US & Canada

Obama pledges anti-drug funding on El Salvador visit

Barack Obama and Salvadoran President Mauricio Funes
Mr Obama was full of praise for Salvadoran President Mauricio Funes

US President Barack Obama - on a visit to El Salvador - has promised $200m (£122m) to fight drug trafficking and gang violence in Central America.

Mr Obama said the programme would tackle the poverty and social factors that drive young people towards crime.

He also promised new measures to boost trade and economic cooperation with the region.

Mr Obama was returning to Washington earlier than scheduled on Wednesday to deal with the crisis in Libya.

He was in El Salvador on the third and final leg of a tour of Latin America that has also taken him to Brazil and Chile.

President Obama announced the new Central American Citizen's Security Partnership after talks with Salvadoran President Mauricio Funes.

He said it would help strengthen courts and the rule of law with support from other nations including Chile, Colombia and Mexico.

Along with neighbouring Honduras and Guatemala, El Salvador is plagued by violence, much of it linked to drug trafficking gangs.

'Old divisions'

The two leaders also discussed immigration.

Mr Obama praised the contribution of around two million Salvadorans who live and work in the US, and reiterated his support for comprehensive immigration reform.

He also commended Mr Funes for his "courageous work to overcome old divisions in Salvadoran society" and for his vision of economic growth and social progress.

"The US wants to be a partner in this process," he said. "We want El Salvador to be successful."

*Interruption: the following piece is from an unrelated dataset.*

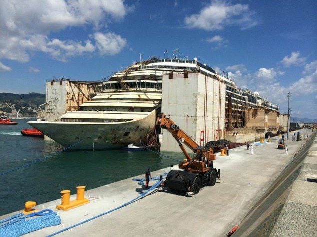 After hours of preparation, dockworkers fixed the wreck in place in the industrial port of Voltri, just outside the main harbour in Genoa.

The US president later toured the National Cathedral in the capital, San Salvador, and visited the tomb of Archbishop Oscar Romero.

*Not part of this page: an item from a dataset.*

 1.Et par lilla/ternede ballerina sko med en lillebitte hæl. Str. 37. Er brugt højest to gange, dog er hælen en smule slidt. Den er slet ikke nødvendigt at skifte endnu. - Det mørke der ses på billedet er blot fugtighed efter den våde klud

An outspoken advocate for the poor and backer of political reform, the archbishop was assassinated in March 1980 after celebrating Mass.

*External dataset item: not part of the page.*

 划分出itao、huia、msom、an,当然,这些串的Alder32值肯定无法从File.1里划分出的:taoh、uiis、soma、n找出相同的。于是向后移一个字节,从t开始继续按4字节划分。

The killing came at the start of a 12-year internal conflict between a US-backed military government and left-wing rebels in which around 75,000 people died.

Mr Funes, who was elected in 2009, is a leader of the former rebel movement, the FMLN.

But despite his left-wing roots, he does not share the suspicion and hostility towards US "imperialism" expressed by Latin American leftists such as Venezuelan President Hugo Chavez.

In Chile on Monday, Mr Obama called for a "new era of partnership" with Latin America, and stressed the region's importance to the US, but his tour has been overshadowed by the US-led military action in Libya.